> What you will do
Would you repeat the data below exactly, taking out the images?

> Available data
-.-.-
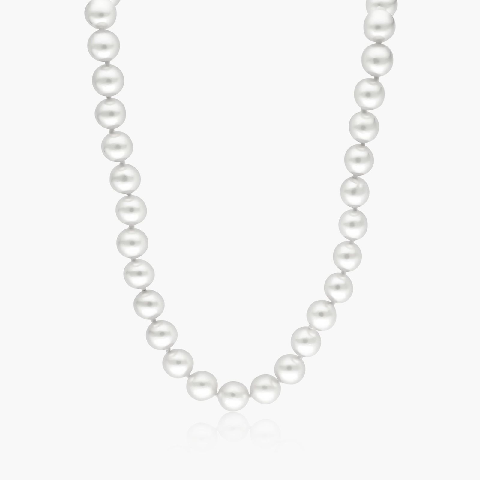A single 18-inch strand of Akoya pearls, the pearls range 8.5 to 9.0 mm, beautifully strung into a timeless necklace, closed by a high-polish finish ball clasp with a standard tongue and groove locking mechanism. *Number of pearls may vary according to the mm size range of the pearl
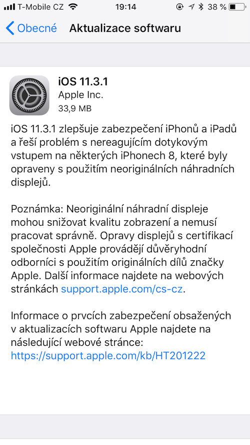 Aktualizaci na iOS 11.3.1 provedete na svých iPhonech či iPadech klasicky přes Nastavení – Obecné – Aktualizace softwaru.
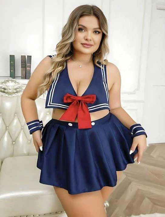 AmoraSecret AmoraSecret Büyük Beden Lacivert Büstiyerli Kurdela Detaylı Mini Etekli Fantezi Denizci Kostümü
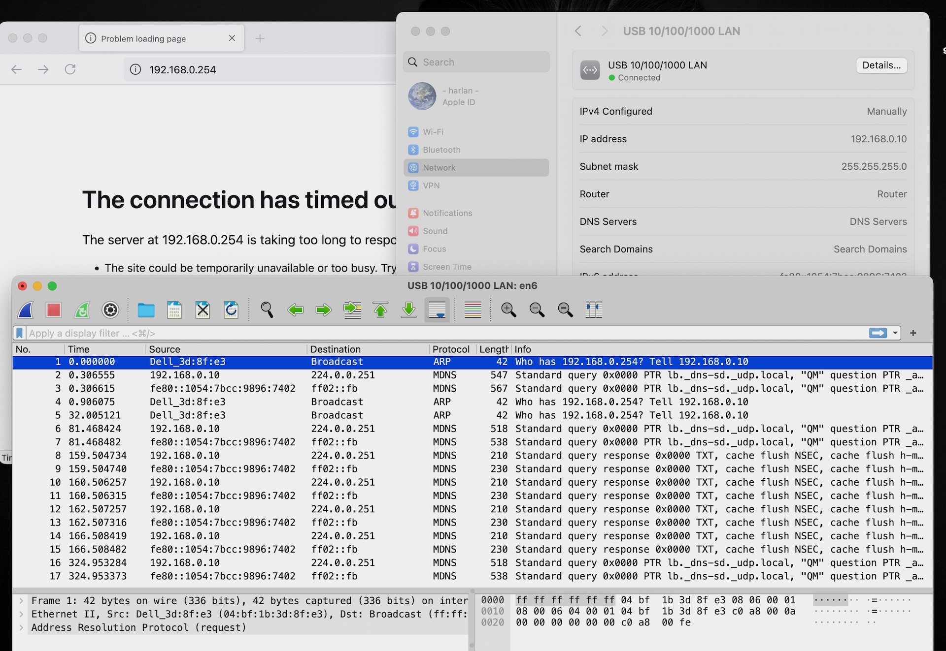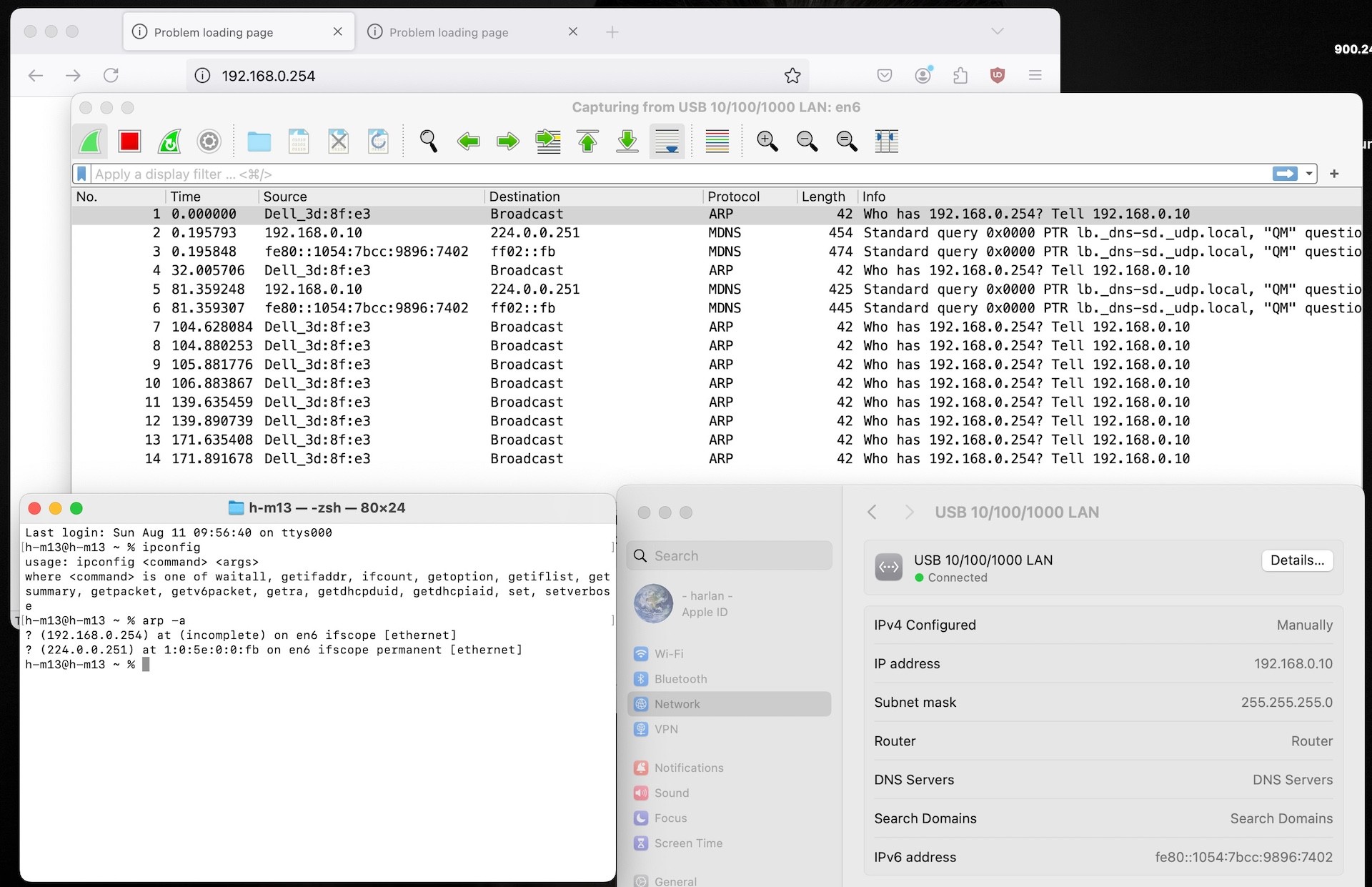 ? (192.168.0.254) at (incomplete) on en6 ifscope [ethernet]
-.-.-
> Task response
A single 18-inch strand of Akoya pearls, the pearls range 8.5 to 9.0 mm, beautifully strung into a timeless necklace, closed by a high-polish finish ball clasp with a standard tongue and groove locking mechanism. *Number of pearls may vary according to the mm size range of the pearl
 Aktualizaci na iOS 11.3.1 provedete na svých iPhonech či iPadech klasicky přes Nastavení – Obecné – Aktualizace softwaru.
 AmoraSecret AmoraSecret Büyük Beden Lacivert Büstiyerli Kurdela Detaylı Mini Etekli Fantezi Denizci Kostümü
 ? (192.168.0.254) at (incomplete) on en6 ifscope [ethernet]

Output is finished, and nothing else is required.